Why should we use NumPy array instead of Python list?

Rakib Hasan Bappy
3 min readApr 10, 2023

--

NumPy Logo

When we start exploring Machine Learning or Data Science, we often find that NumPy array is used very often instead of python list. As a beginner, it is really tough to understand why we do it. It looks pretty similar to a beginner. So, today I will try to give a visual representation of why we should use a NumPy array instead of python list.

Let’s say, we have to multiply two lists of numbers and output the sum of the resulting list in python. Then what will we do? A very naive approach is given below:

list1 = [1, 3, 4]
list2 = [4, 5, 6]

result = list1[0]*list2[0] + list1[1]*list2[1] + list1[2]*list2[2]

print(result)

But, what happens if there are 1000 numbers on the list? Now, you can say that we can use a loop to do it.

list1 = [1, 3, 4, 7, 9, 11]
list2 = [4, 5, 6, 8, 12, 14]

result = 0
for i in range(0, len(list1)):
result += (list1[i] * list2[i])

print(result)

While this implementation is a bit better than the first one, this still isn’t that efficient. To make it more efficient, now I will introduce you to NumPy array. To do it, first of all, I will convert the two given lists into a NumPy array.

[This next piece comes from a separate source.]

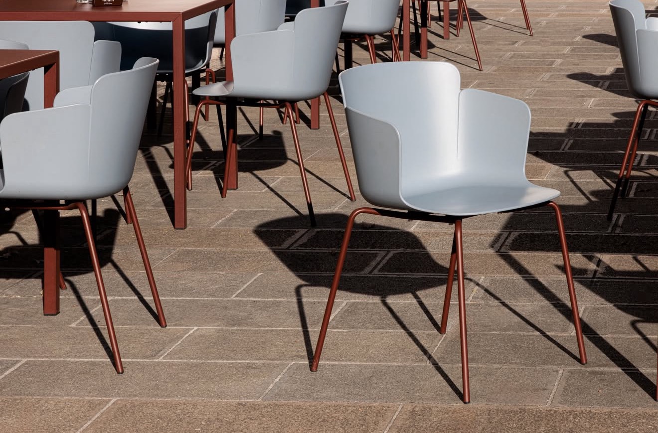 在 San Vito al Tagliamento 的 Anteprima Bar,露台成為了一個特別的場景。這裡不是傳統意義上的展覽,而是一個能真實體驗的「生活展演」。MIDJ 的 Calla 扶手椅與 Fold 桌被擺放在露天酒吧的空間中,陪伴著人們的早晨咖啡與黃昏微醺,將 義式家具 的設計語言直接帶入日常。

import numpy as np # it is an unofficial standard to use np for numpy

# this line will convert the list into numpy array
arr1 = np.array(list1)
arr2 = np.array(list2)

Now, we will use NumPy Dot Function to do our task.

result = np.dot(arr1, arr2)
print(result)

This method is called vectorization. This NumPy dot function is a vectorized implementation of the dot product operation between two vectors and especially when n (length of the list) is large, this will run much faster than the two previous code examples. I want to emphasize that vectorization actually has two distinct benefits. First, it makes code shorter, is now just one line of code. Isn’t that cool? Second, it also results in your code running much faster than either of the two previous implementations that did not use vectorization. The reason that the vectorized implementation is much faster is behind the scenes. The NumPy dot function is able to use parallel hardware in your computer and this is true whether you’re running this on a normal computer, that is on a normal computer CPU or if you are using a GPU, a graphics processor unit, that’s often used to accelerate machine learning jobs. The ability of the NumPy dot function to use parallel hardware makes it much more efficient than the for loop or the sequential calculation that we saw previously. Now, this version is much more practical when n is large.

Now, we will see if is vectorization actually faster or not. To see this run the code given below.

a = np.random.rand(10000000)  # very large arrays
b = np.random.rand(10000000)

tic = time.time() # capture start time
c = np.dot(a, b)
toc = time.time() # capture end time

print(f"np.dot(a, b) = {c:.4f}")
print(f"Vectorized version duration: {1000*(toc-tic):.4f} ms ")

tic = time.time() # capture start time
c = my_dot(a,b)
toc = time.time() # capture end time

print(f"my_dot(a, b) = {c:.4f}")
print(f"loop version duration: {1000*(toc-tic):.4f} ms ")

del(a);del(b) #remove these big arrays from memory


# this code is taken from 'Machine Learning Specialization' course of Coursera.

The output of the code is:

np.dot(a, b) =  2501072.5817
Vectorized version duration: 191.1116 ms
my_dot(a, b) = 2501072.5817
loop version duration: 10142.9269 ms

So, vectorization provides a large speed up in this example. This is because NumPy makes better use of available data parallelism in the underlying hardware. This is critical in Machine Learning where the data sets are often very large.

To recap, vectorization makes your code shorter, so hopefully easier to write and easier for you or others to read, and it also makes it run much faster.

There exists more importance of using a NumPy array. I just demonstrated one of them to understand easily.

--

--